* _GIVEN INFORMATION_:
______

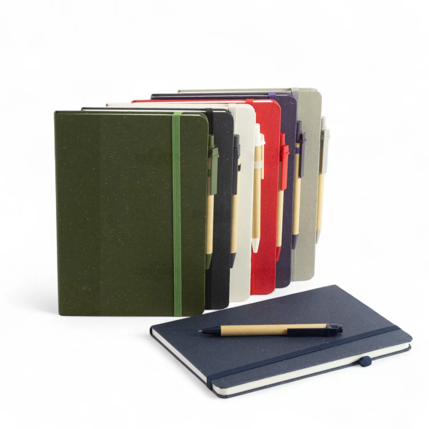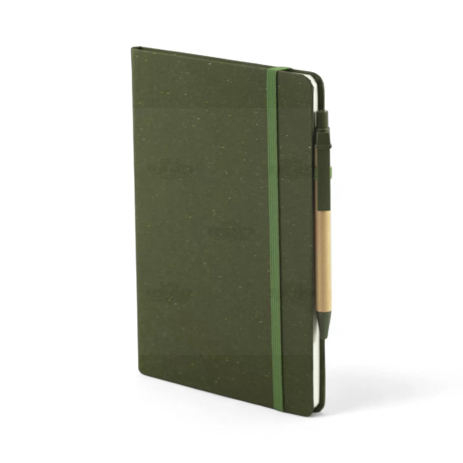 Com capa rígida feita em fibra da palha de arroz, este bloco oferece uma alternativa sustentável e elegante para o dia a dia. Seu interior contém aproximadamente 80 folhas na cor marfim, todas pautadas, ideais para anotações, planejamentos ou registros diversos. O design inclui elástico para fechamento, proporcionando segurança no transporte, além de um suporte lateral em elástico que acomoda a caneta de forma prática. Acompanha uma caneta esferográfica com corpo em papelão reciclado e detalhes em plástico, escrita azul de 1,0 mm e acionamento por clique, reforçando a proposta ecológica do conjunto. Disponível em várias cores, o bloco combina funcionalidade e apelo visual, sendo uma escolha atrativa para quem valoriza organização com consciência ambiental. Por sua apresentação completa e estilo discreto, é uma excelente opção de brinde personalizado para eventos corporativos, campanhas promocionais ou ações que buscam destacar o compromisso da marca com a sustentabilidade.
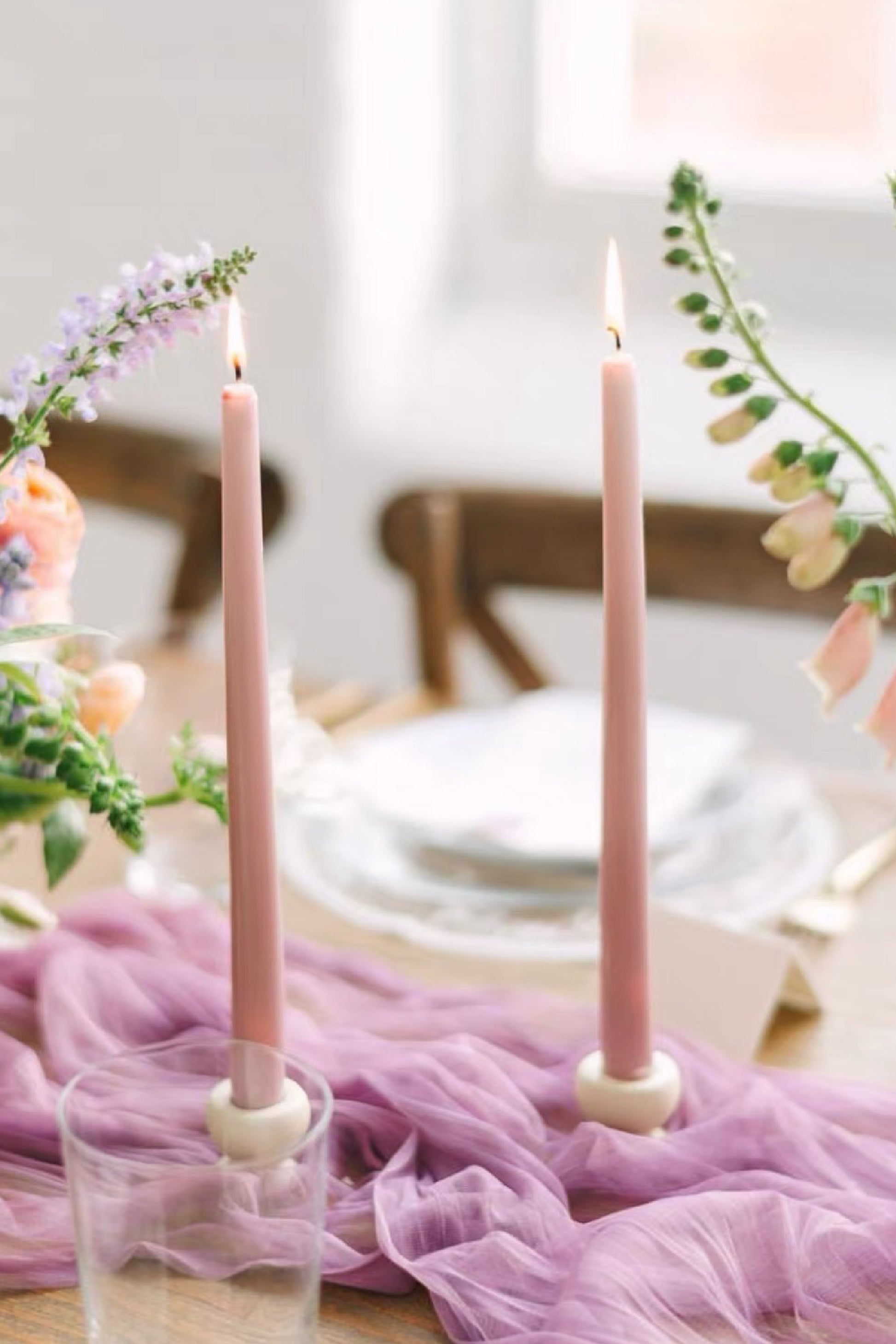Su forma delgada y acabados delicados las hacen ideales para complementar candelabros altos, decorar en pareja o usar de forma individual según el momento.
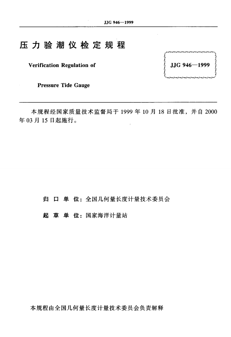 JJG946-1999压力验潮仪348072@abc4个月前发布关注私信0.25MB14页022JJG946-1999压力验潮仪此内容为付费资源,请付费后查看¥13¥23黄金会员免费钻石会员免费立即购买您当前未登录!建议登陆后购买,可保存购买订单付费资源 第1页 / 共14页 第2页 / 共14页 试读已结束,还剩12页,您可下载完整版后进行离线阅读 THE END标准规范 文本预览 可可G中华人民共和国国家计量检定规程JJG946一1999压力验潮仪Pressure Tide Gauge1999-10-18发布2000-03-15实施国家质量技术监督局发布 查看更多 收起部分 喜欢就支持一下吧收藏

______

* _TASK PROMPT_: Reprint the listing above verbatim but drop the images.

* _TASK SOLUTION_:
 Com capa rígida feita em fibra da palha de arroz, este bloco oferece uma alternativa sustentável e elegante para o dia a dia. Seu interior contém aproximadamente 80 folhas na cor marfim, todas pautadas, ideais para anotações, planejamentos ou registros diversos. O design inclui elástico para fechamento, proporcionando segurança no transporte, além de um suporte lateral em elástico que acomoda a caneta de forma prática. Acompanha uma caneta esferográfica com corpo em papelão reciclado e detalhes em plástico, escrita azul de 1,0 mm e acionamento por clique, reforçando a proposta ecológica do conjunto. Disponível em várias cores, o bloco combina funcionalidade e apelo visual, sendo uma escolha atrativa para quem valoriza organização com consciência ambiental. Por sua apresentação completa e estilo discreto, é uma excelente opção de brinde personalizado para eventos corporativos, campanhas promocionais ou ações que buscam destacar o compromisso da marca com a sustentabilidade.
Su forma delgada y acabados delicados las hacen ideales para complementar candelabros altos, decorar en pareja o usar de forma individual según el momento.
 JJG946-1999压力验潮仪348072@abc4个月前发布关注私信0.25MB14页022JJG946-1999压力验潮仪此内容为付费资源,请付费后查看¥13¥23黄金会员免费钻石会员免费立即购买您当前未登录!建议登陆后购买,可保存购买订单付费资源 第1页 / 共14页 第2页 / 共14页 试读已结束,还剩12页,您可下载完整版后进行离线阅读 THE END标准规范 文本预览 可可G中华人民共和国国家计量检定规程JJG946一1999压力验潮仪Pressure Tide Gauge1999-10-18发布2000-03-15实施国家质量技术监督局发布 查看更多 收起部分 喜欢就支持一下吧收藏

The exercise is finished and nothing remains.